Stored data:
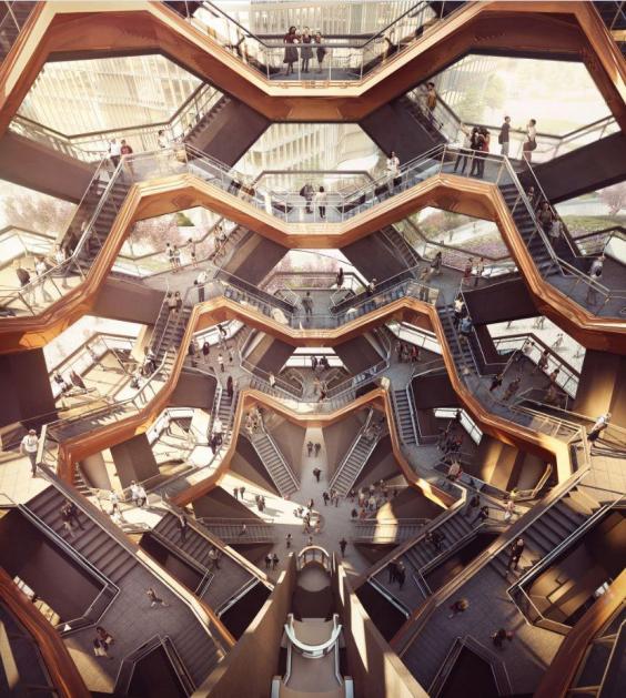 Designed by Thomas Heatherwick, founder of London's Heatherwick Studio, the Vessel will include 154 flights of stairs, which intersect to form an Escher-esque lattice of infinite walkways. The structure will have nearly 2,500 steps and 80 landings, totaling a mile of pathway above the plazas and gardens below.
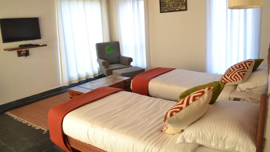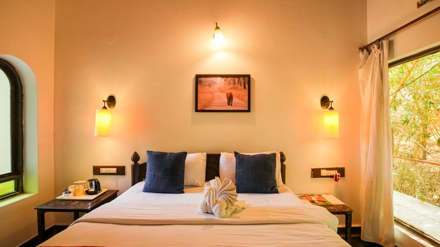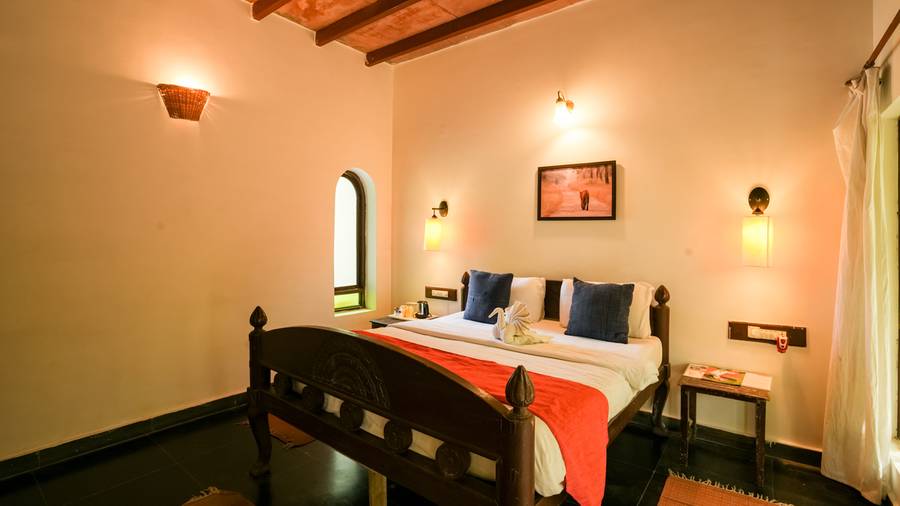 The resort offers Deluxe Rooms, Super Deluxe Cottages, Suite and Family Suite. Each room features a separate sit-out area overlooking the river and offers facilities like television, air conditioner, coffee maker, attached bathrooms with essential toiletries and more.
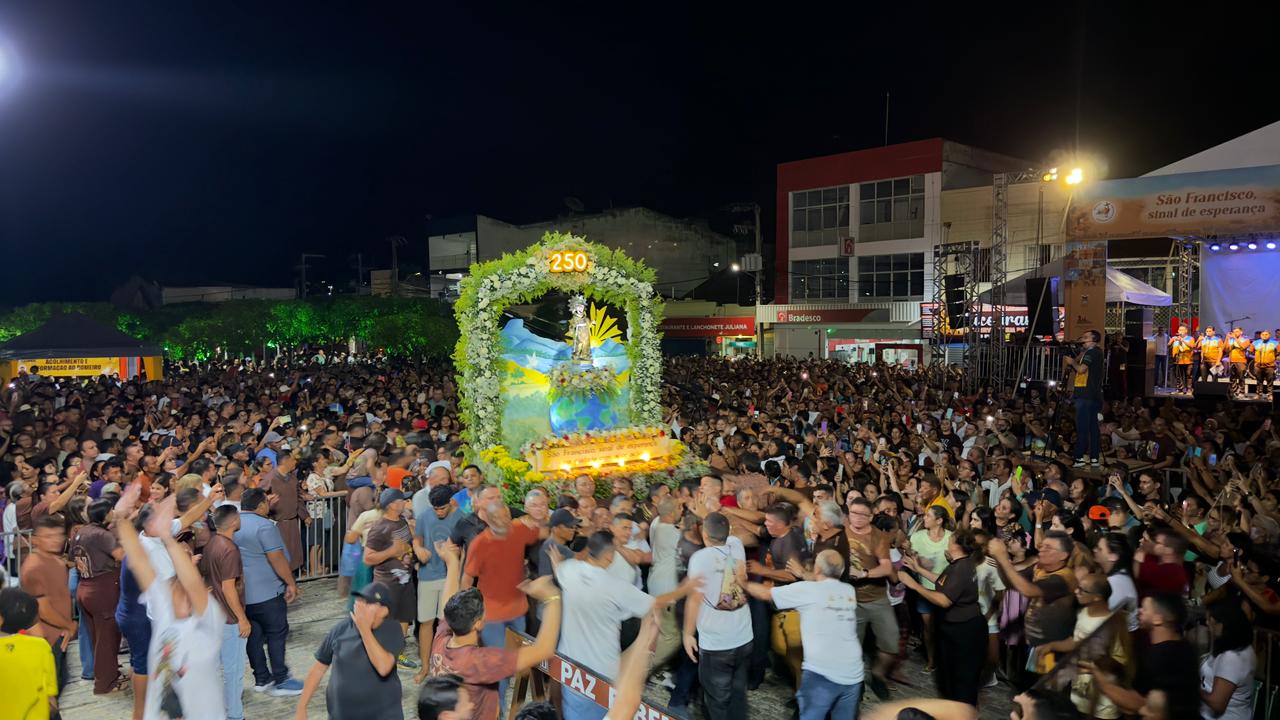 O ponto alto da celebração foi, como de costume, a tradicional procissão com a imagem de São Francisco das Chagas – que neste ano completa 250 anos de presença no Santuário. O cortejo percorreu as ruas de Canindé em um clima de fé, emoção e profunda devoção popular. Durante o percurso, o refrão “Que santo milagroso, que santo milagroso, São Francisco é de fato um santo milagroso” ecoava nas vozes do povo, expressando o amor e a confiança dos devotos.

Exercise description: The data above is to be printed exactly, all of it, except for the pictures.

Written answer:
 Designed by Thomas Heatherwick, founder of London's Heatherwick Studio, the Vessel will include 154 flights of stairs, which intersect to form an Escher-esque lattice of infinite walkways. The structure will have nearly 2,500 steps and 80 landings, totaling a mile of pathway above the plazas and gardens below.
 The resort offers Deluxe Rooms, Super Deluxe Cottages, Suite and Family Suite. Each room features a separate sit-out area overlooking the river and offers facilities like television, air conditioner, coffee maker, attached bathrooms with essential toiletries and more.
 O ponto alto da celebração foi, como de costume, a tradicional procissão com a imagem de São Francisco das Chagas – que neste ano completa 250 anos de presença no Santuário. O cortejo percorreu as ruas de Canindé em um clima de fé, emoção e profunda devoção popular. Durante o percurso, o refrão “Que santo milagroso, que santo milagroso, São Francisco é de fato um santo milagroso” ecoava nas vozes do povo, expressando o amor e a confiança dos devotos.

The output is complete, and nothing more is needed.